Kanzlerkandidaten-Exegese

Ich bleibe dabei: Man nimmt es ihm nicht ab. Frank-Walter Steinmeier hat beim SPD-Parteitag ein kämpferische Rede gehalten, wie es die Kommentatoren in Zeitung, Funk und Fernsehen dann immer nennen. Die Zeitungen sind voll von Kanzlerkandidaten-Exegese. „Ich will Kanzler aller Deutschen werden“ wird dann als Machtanspruch gedeutet. Ach so. Da hat also die SPD tatsächlich einen Kanzlerkandidaten gekürt, der Machtanspruch hat. Entschuldigung, aber so blöd können noch nicht einmal Sozialdemokraten sein, einen Kandidaten zu küren, der keine Lust auf das angestrebte Amt hat.

Steinmeier ist einfach kein richtiger Sozi. Eigentlich ist er auch kein guter Redner. Am Sonntag ist er tatsächlich über seinen Schatten gesprungen. Es ist wohl sogar so, dass er frei gesprochen hat. Augenzeugen zufolge sollen die Delegierten im Saal kurzzeitig tatsächlich gedacht haben, dass die SPD mit Blick auf die Bundestagswahl noch nicht geschlagen ist. Ein Traum in Rot.

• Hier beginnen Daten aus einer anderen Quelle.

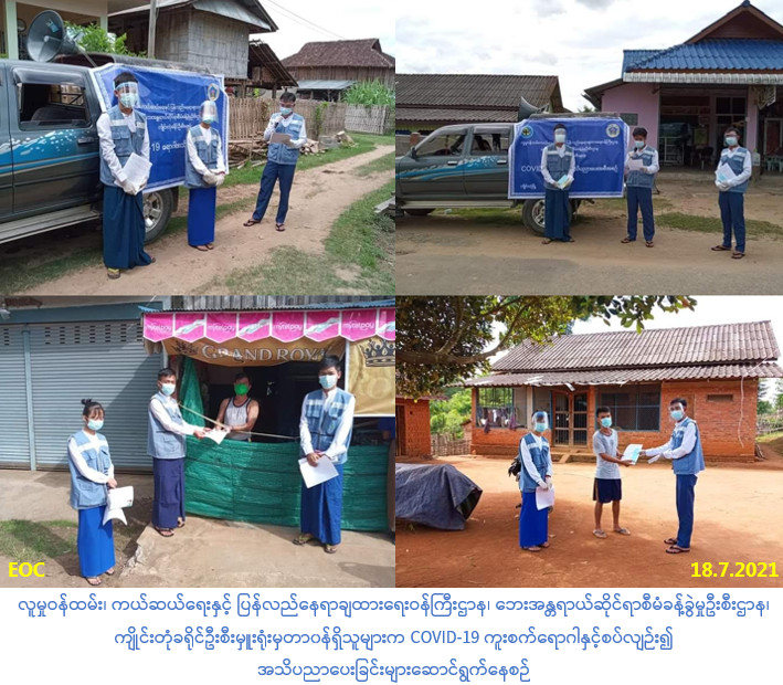 လူမှု၀န်ထမ်း၊ ကယ်ဆယ်ရေးနှင့် ပြန်လည်နေရာချထားရေး၀န်ကြီးဌာန၊ ဘေးအန္တရာယ်ဆိုင်ရာစီမံခန့်ခွဲမှုဦးစီးဌာန၊ ကျိုင်းတုံခရိုင်ဦးစီးမှူးရုံးမှတာဝန်ရှိသူများသည် (၁၈-၇-၂၀၂၁) ရက်နေ့၊ နံနက်ပိုင်းတွင် ကျိုင်းတုံမြို့နယ်၊ ကတ်ထိုက်ကျေးရွာအုပ်စု၊ ကတ်ထိုက်ကျေးရွာ၊ တင်ထပ် ကျေးရွာ၊ တုံကွမ်ကျေးရွာ၊ နောင်ရှန်ကျေးရွာ၊ ဟွေပုန်ကျေးရွာနှင့် ကတ်ဝုန်းကျေးရွာတို့၌ Covid-19 ကူးစက်ရောဂါ ပျံ့နှံ့မှုများ မဖြစ်ပွားစေရေးအတွက် ဆောင်ရန်/ ရှောင်ရန်အချက်များကို အသံချဲ့စက်ဖြင့် နှိုးဆော်ခြင်း၊ အသိပညာပေးလက်ကမ်းစာစောင်များ ဖြန့်ဝေခြင်းနှင့် Mask များဝေငှခြင်းတို့ကို ဆောင်ရွက်ခဲ့ပါကြောင်း သတင်းရရှိပါသည်။

Immerhin liegt jetzt einmal ein Wahlprogramm auf den Tisch, das durchaus einige Akzente setzt. Die Union ist das noch schuldig. Angesichts der Wirtschaftskrise müssen sicher langfristige Ziele nochmals überdacht werden. Mal sehen, was am Ende dabei herauskommt.

Auch bei der FDP darf man interessiert auf das fertige Papier warten. Die Liberalen stehen wie keine andere Partei für das „weiter so wie bisher“. Umso erstaunlicher ist es, dass die Liberalen sogar in Zeiten, in denen laut nach beispielsweise einer Regulierung des Finanzwesens gerufen wird, einen Erfolg nach dem anderen feiern. Wie können Liberale auf den Zug aufspringen und auch mehr Staat fordern, wenn alle – außer vielleicht den Liberalen selbst – der Meinung sind, dass der Kapitalismus in Reinform offensichtlich nicht das Modell der Zukunft ist, sondern eher irgendeine Spielart der sozialen Marktwirtschaft? Sie werden eine Lösung finden, die Westerwelles und Niebels.

Die Linken dürften da leichtes Spiel haben und den Einzug in den Bundestag erneut schaffen. Auch die Grünen werden sicher noch weiter profitieren. Irgendwie hat man das Gefühl, Grün könnte das neue Rot werden. Ich bleibe bei der Meinung, dass die Sozialdemokraten nachhaltig in einer Krise stecken. Es kommt zu einer neuen Ordnung. Aus heutiger Sicht wird nichts an der schwarz-gelben Regierung vorbeiführen. Die Union positioniert sich wieder als Partei, die für (christ-)soziale Marktwirtschaft steht. Die mögliche Rolle der FDP ist noch nicht ganz definiert.

Die nächsten Wochen und Monate werden interessant, nicht nur in der Wirtschaft, sondern auch in der Politik – dieser Aussage kann sicher jeder zustimmen.